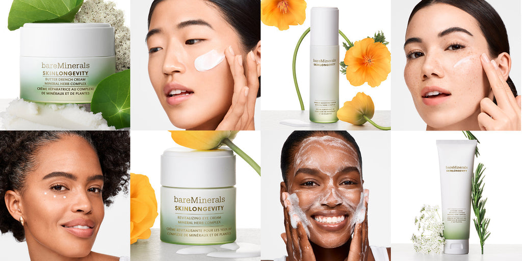 Each SKINLONGEVITY® formula features a bareMinerals exclusive mineral herb complex and carefully selected ingredients that help strengthen and protect the skin barrier. Some examples include:
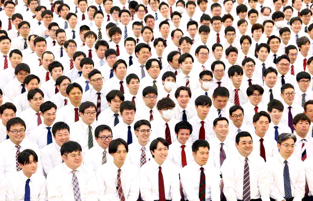 学会厳護の誇りを胸に対話拡大に駆ける創価班の友。集いでは、「創価班歌」を歌い上げた(15日、東京戸田記念講堂で)
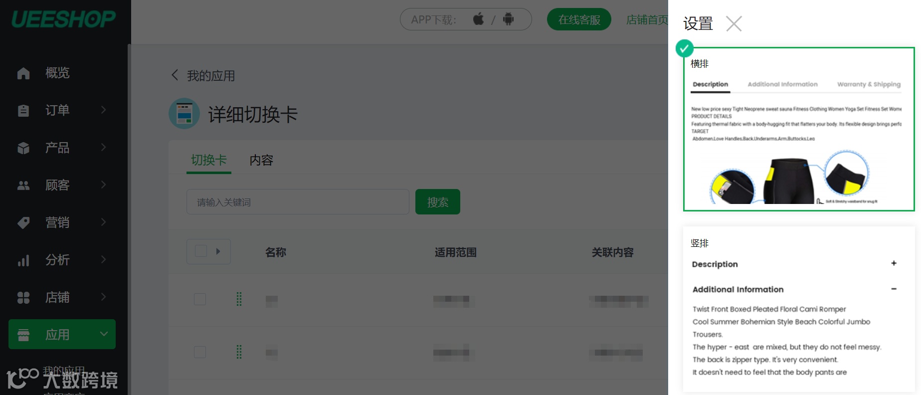 Ueeshop详细切换卡功能,可添加多个产品描述,帮助卖家更加全面地展示产品不同方面的信息,方便消费者查看,进而提升消费者信任度。
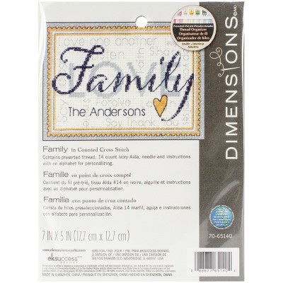 - Gorgeous designs, vibrant colors, the highest quality materials are all things that Dimensions brings to you in each of there needlework kits This kit includes: 14 count white Aida, Cotton & metallic thread, thread sorter, needle and easy to follow instructions including an alphabet for personalizing and a color accented chart.
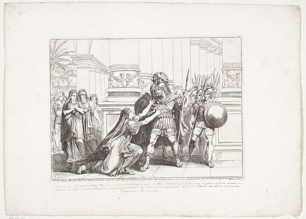Bartolomeo Pinelli created this print, depicting "Lucius Cornelius Sulla laat Granius voor zich brengen." Sulla, the Roman dictator, reclines regally, while Granius is brought before him, a scene ripe with symbolic weight. The lion motif adorning Sulla's couch is not merely decorative. Since antiquity, the lion has symbolized power, courage, and dominion. Yet, it also carries an ambivalent charge. In Mesopotamian art, lions were associated with royalty but also with the untamed, primal forces of nature. This duality echoes in how Sulla embodies both the order of Roman law and the brutal exercise of autocratic power. The act of presenting a figure before a ruler is a recurring motif in art across cultures. Think of scenes of supplication before pharaohs in ancient Egypt or the presentation of tribute to kings in Renaissance paintings. The repetition of this scene across time reveals a deep-seated human preoccupation with power dynamics, justice, and the fraught relationship between the individual and the state. The tension is palpable, engaging us on a subconscious level. The act of Sulla judging Granius taps into our own anxieties about authority, fairness, and the precariousness of human fate. This image is a potent reminder of how symbols and gestures can transcend time, carrying echoes of past dramas into our present consciousness.
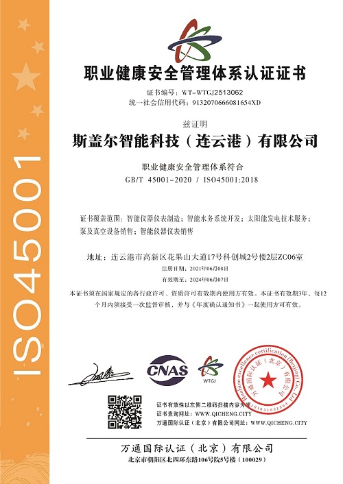 職業(yè)健康安全管理體系認(rèn)證證書(shū)
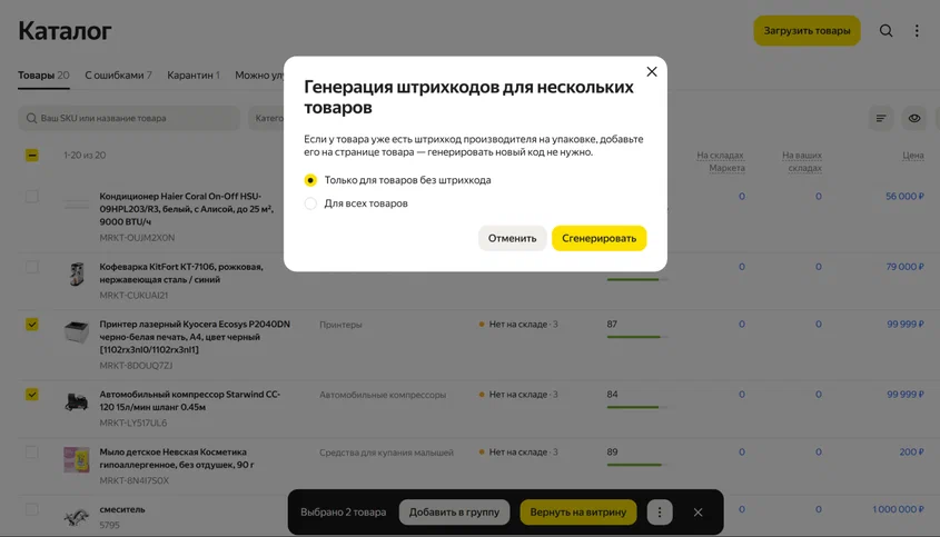 - Штрихкод (при отсутствии можно сгенерировать в своем ЛК). Убедитесь, что он совпадает с кодом в каталоге для идентификации товара на складе.
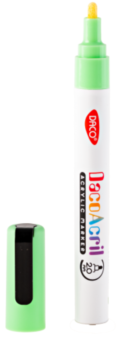 Marker acrilic, Verde Fluorescent, 1 buc, Daco [6425871048427] Markerul acrilic DACO într-o nuanță vibrantă de verde fluorescent este alegerea perfectă pentru adăugarea unui pop de culoare proiectelor tale artistice și de decorare. Cu cerneală pe bază de apă, acest marker oferă o putere mare de acoperire și rezistență la apă, fiind potrivit pentru pictură și decorare pe o varietate de suprafețe, inclusiv lemn, plastic, sticlă și metal.
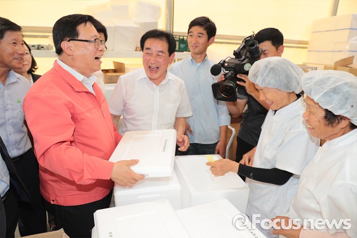(진천=포커스뉴스) 이동필 농림축산식품부 장관이 4일 충북 진천군 '만나 CEA' 농업회사법인을 찾아 ICT와 바이오기술을 결합한 식물공장 채소류 재배시설 등 스마트 팜 확산 사례를 현장 점검하고 있다. <사진제공=농림축산식품부>
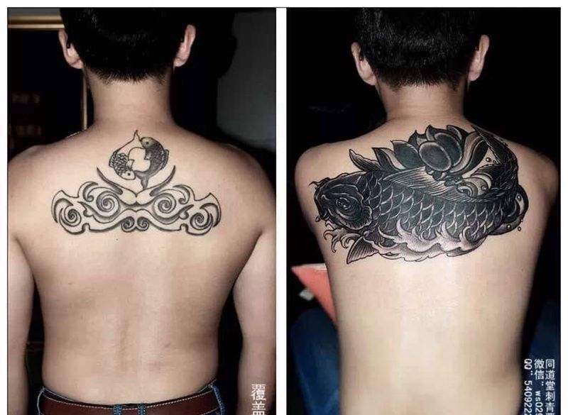 黑灰满背纹身图案
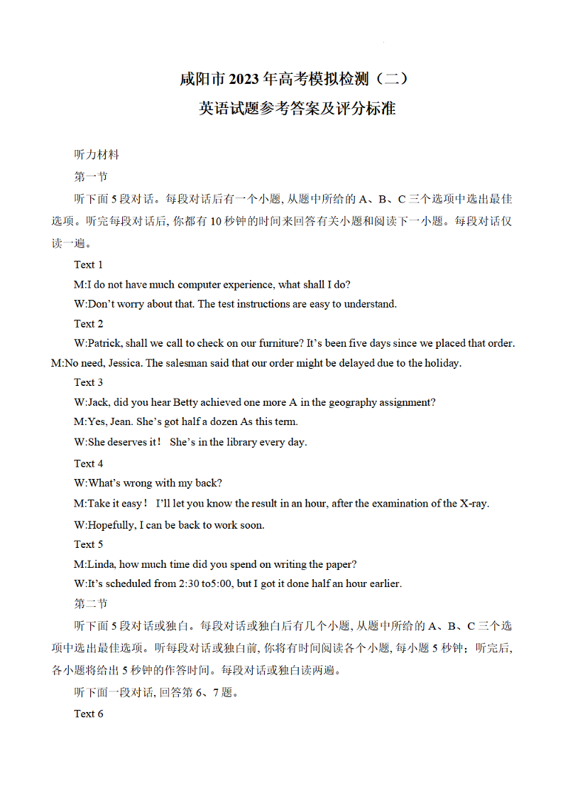 陕西省咸阳市2023年高考模拟检测(二)英语答案
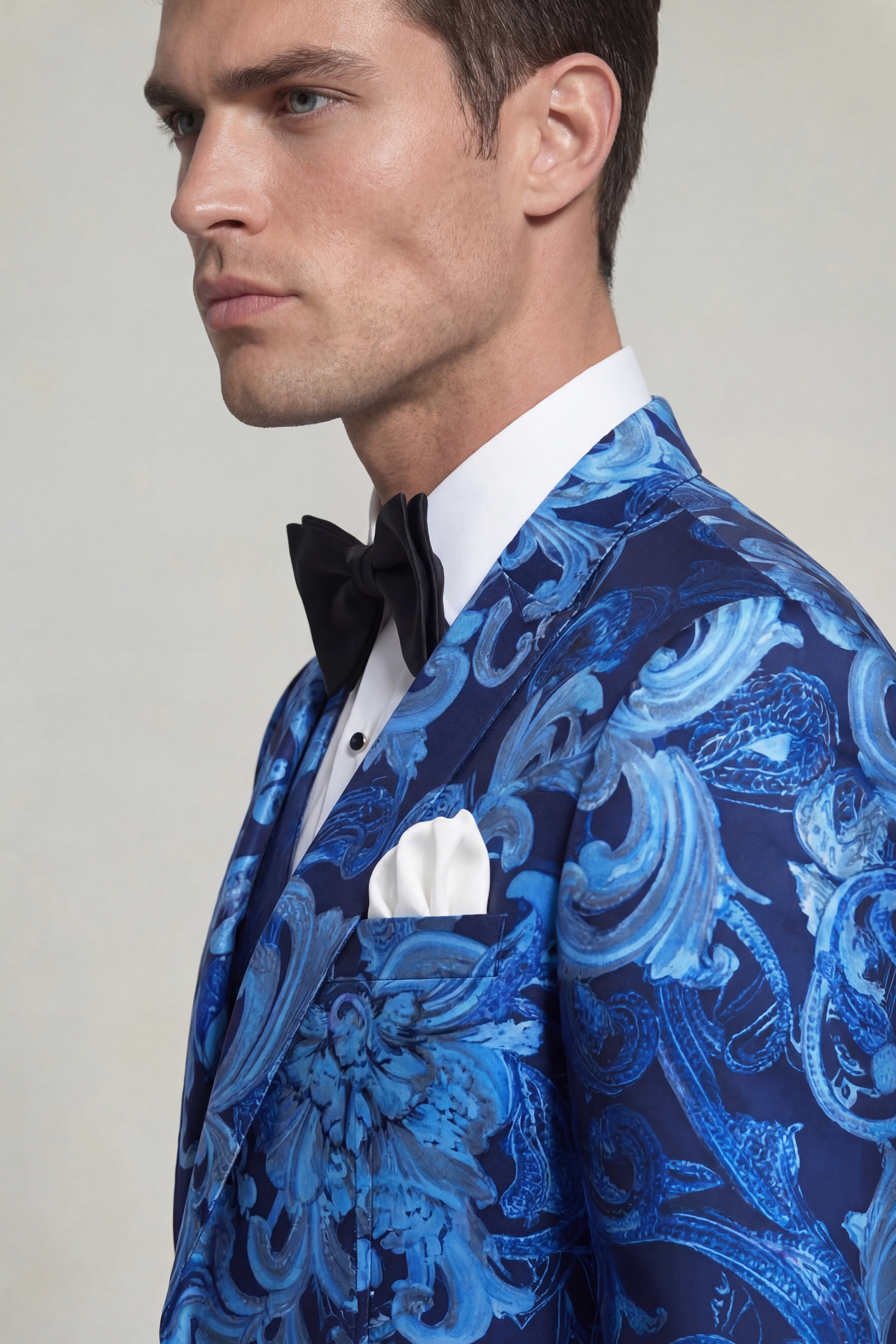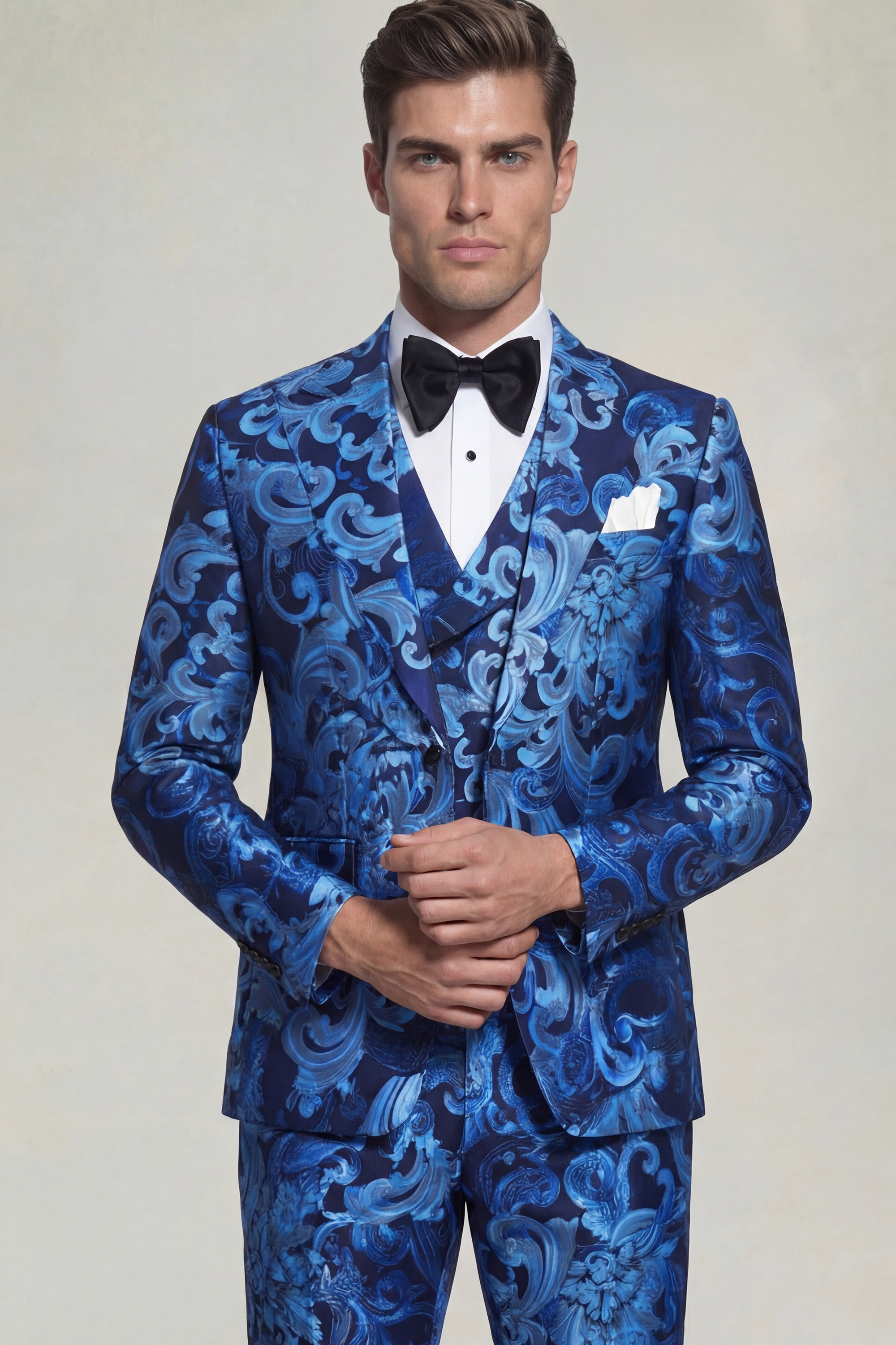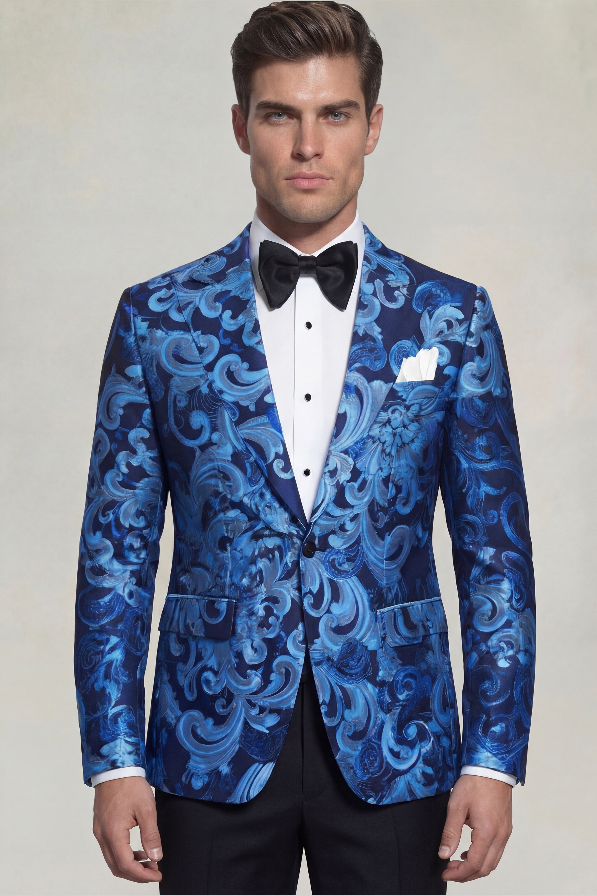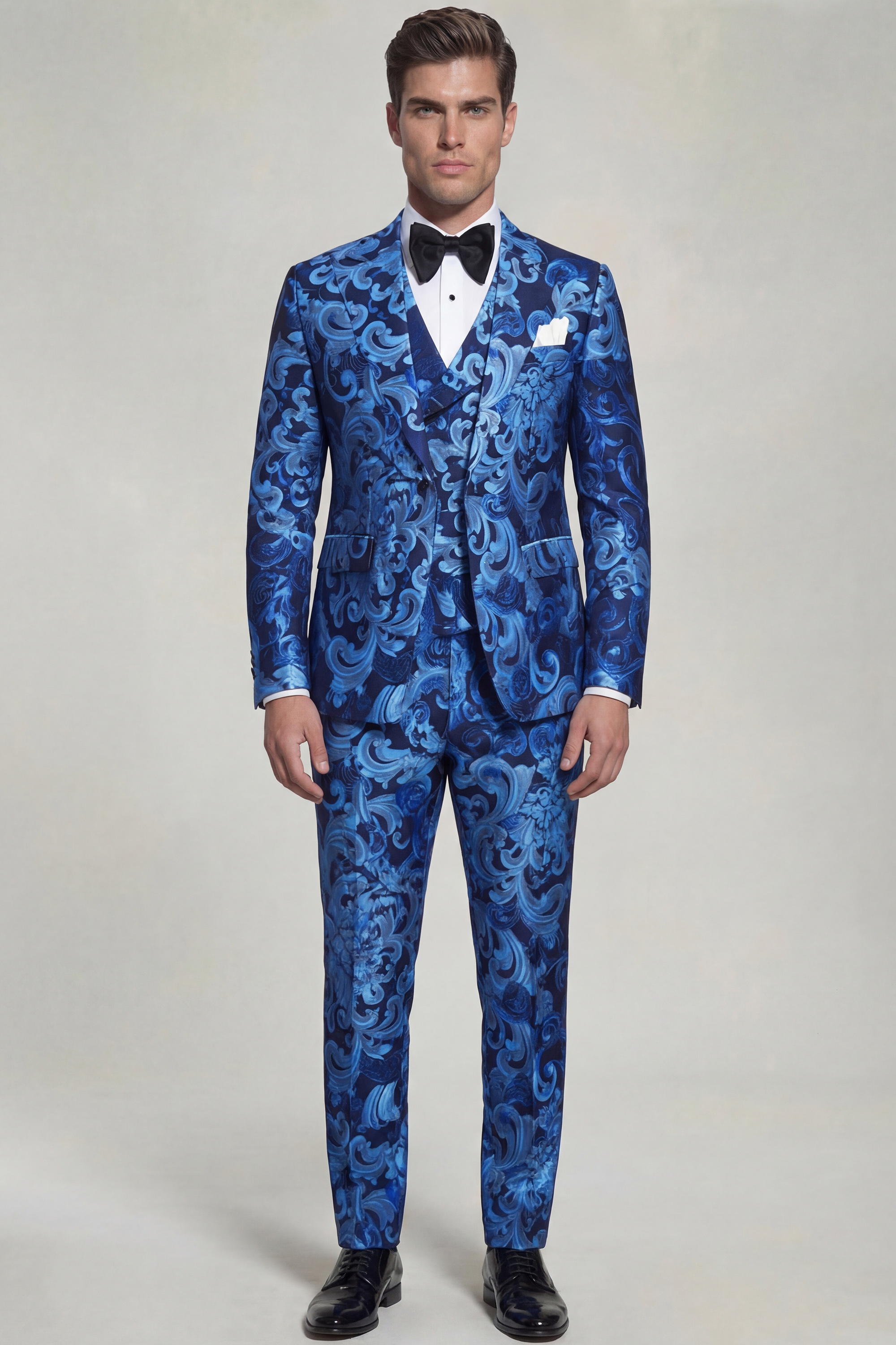 The light blue vintage baroque floral pattern on a deep dark blue backdrop adds a touch of captivating elegance to the suit. This exquisite and ornate design evokes a sense of refinement and opulence, making it an ideal choice for those who appreciate sophisticated aesthetics.
^^^^^^^^
=== Exercise ===
The answer is the lines above from the one with "職業(yè)健康安全管理體系認(rèn)證證書(shū)" to the one with "- Штрихкод (при", set down exactly, with no pictures.

=== Task response ===
 職業(yè)健康安全管理體系認(rèn)證證書(shū)
 - Штрихкод (при отсутствии можно сгенерировать в своем ЛК). Убедитесь, что он совпадает с кодом в каталоге для идентификации товара на складе.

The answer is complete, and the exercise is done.